AI and the push to end insurance ratings bias
The promise of automation has led to a new concern: bias in the AI algorithms and scoring models, which has led to some unexpected and unfair outcomes.
Artificial intelligence (AI) has changed how insurers price the risk associated with an account, in many ways for the better. But, says InRule Technology’s Senior Product Marketing Manager Theresa Benson, the promise of automation has led to a new concern: bias in the AI algorithms and scoring models, which has led to some unexpected and unfair outcomes.
“I recently read about an alarming example of this. In some instances, risk calculations and algorithmic models resulted in a person with a driving under the influence (DUI) conviction on their driving record to have a lower auto insurance premium than someone without one,” notes Benson, pointing out that this is in large part due to having a better credit score. In another example, Benson says marketplace disparities can cut across gender lines. “In Oregon, for example, researchers found that women were charged $100 more than men for basic auto insurance – an 11.4% penalty.”

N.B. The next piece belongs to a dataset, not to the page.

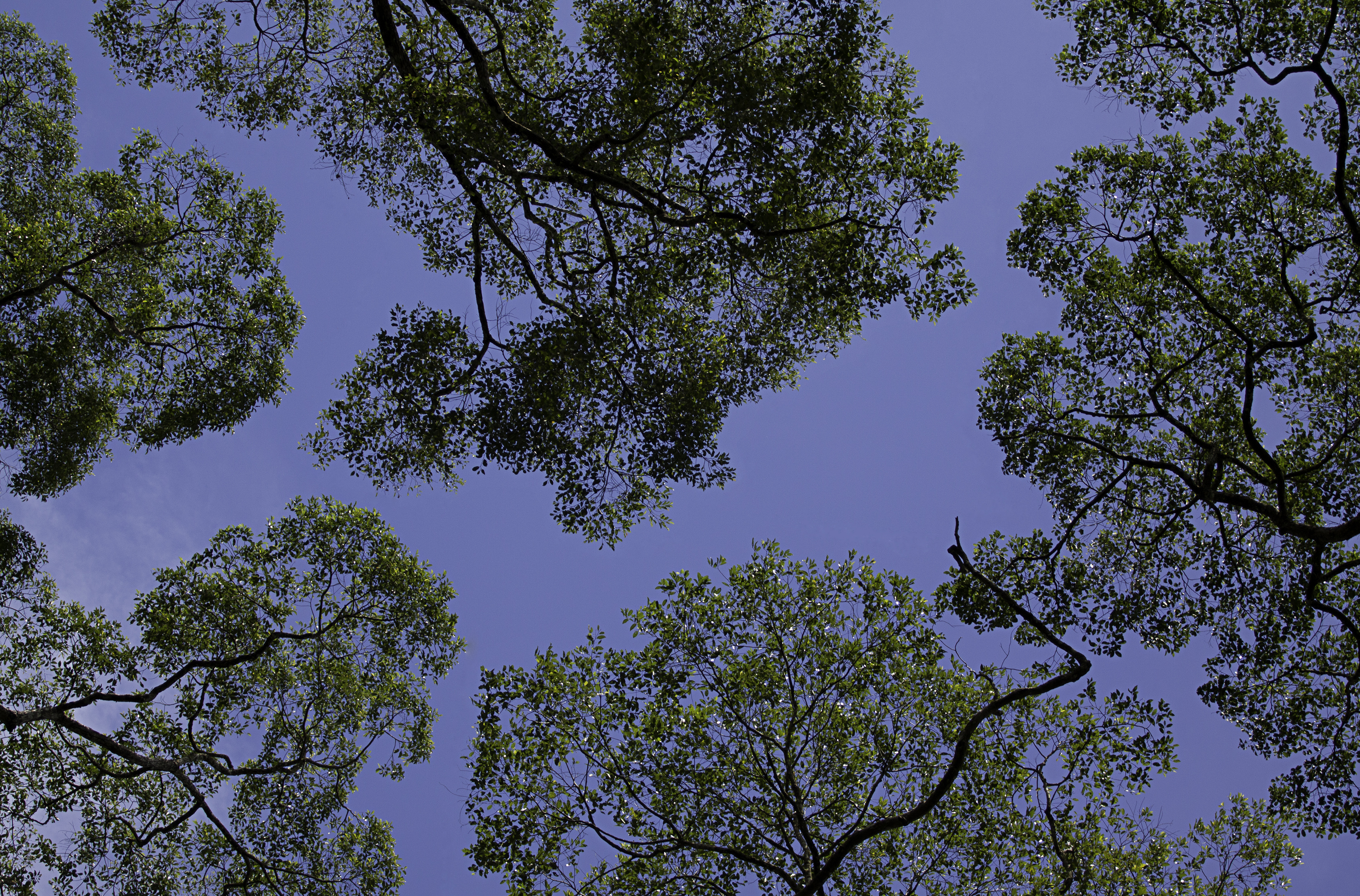 The canopy in Sepilok Orangutan Rehabilitation Centre in the Malaysian Sabah District of North Borneo.

This disconnect has led some state legislatures to act. Last year, Washington and Oregon sought to ban the use of credit-based insurance scoring mechanisms to set premiums. They argued that insurers’ credit-scoring models result in some groups of people paying higher premiums, even if they present less of a risk. More recently, Colorado introduced legislation requiring insurers to test their algorithms and scoring models to uncover biases, which were previously ignored or blindly accepted.
“I certainly don’t believe insurers are intentionally using bias to set insurance premiums,” says Benson. She cites several contributing factors underpinning bias in insurance ratings, starting with the sheer amount of data available and that it can be inherently biased. “Finding causal data is key – it’s important to get deeply aware of the relationship between data and outcomes. It’s also important to note that bias can be introduced all along the path that data traverses, even before it makes it into models that are used in decisioning, machine learning models or calculations. It’s challenging for enterprises to examine their infinite amount of data for ways it may introduce bias, and in many cases, they don’t have the tools to track and mitigate potential bias, either.”
AI, in the form of declarative and predictive logic, also sits at the center of the issue. It’s been a boon to insurers, used for automating areas of underwriting, claims processing and fraud detection. With this type of AI, data goes in, predictions are made and utilized by automated business logic, and decisions come out. But the processes between input and output aren’t always transparent. Complicating this is that machine learning algorithms, because they’re constructed from potentially biased data, can unintentionally be constructed in a way that absorbs data-based biases, human biases or historical situational ignorance, Benson points out. So, if all that an insurer bases its ratings on is a prediction and a confidence level generated by these “black box” machine learning algorithms, how can it be sure that a protected characteristic, or a proxy of a protected characteristic, wasn’t used in a harmful way to arrive at an outcome?
Benson says the only way to mitigate insurance ratings bias is with a decision platform like InRule that provides transparency across the AI technologies in the value chain. “InRule can capture every factor influencing and the outcomes of decision-making that runs on our platform,” says Benson. “But we don’t leave it at that: our machine learning technology also captures and presents all the data that contributed to a prediction, so that insurers can identify when or if bias was part of the decision outcome and adjust their logic to respond accordingly.” Plus, the platform enables the output of this information for later retrieval and examination, if needed or required by regulators.
As insurers increasingly turn to AI to automate even more insurance processes, they will need to pay closer attention to the potential for insurance ratings bias in machine-learning models. Eliminating bias in our country is a step forward that’s long overdue, and the insurance industry can do its part by using technology the right way.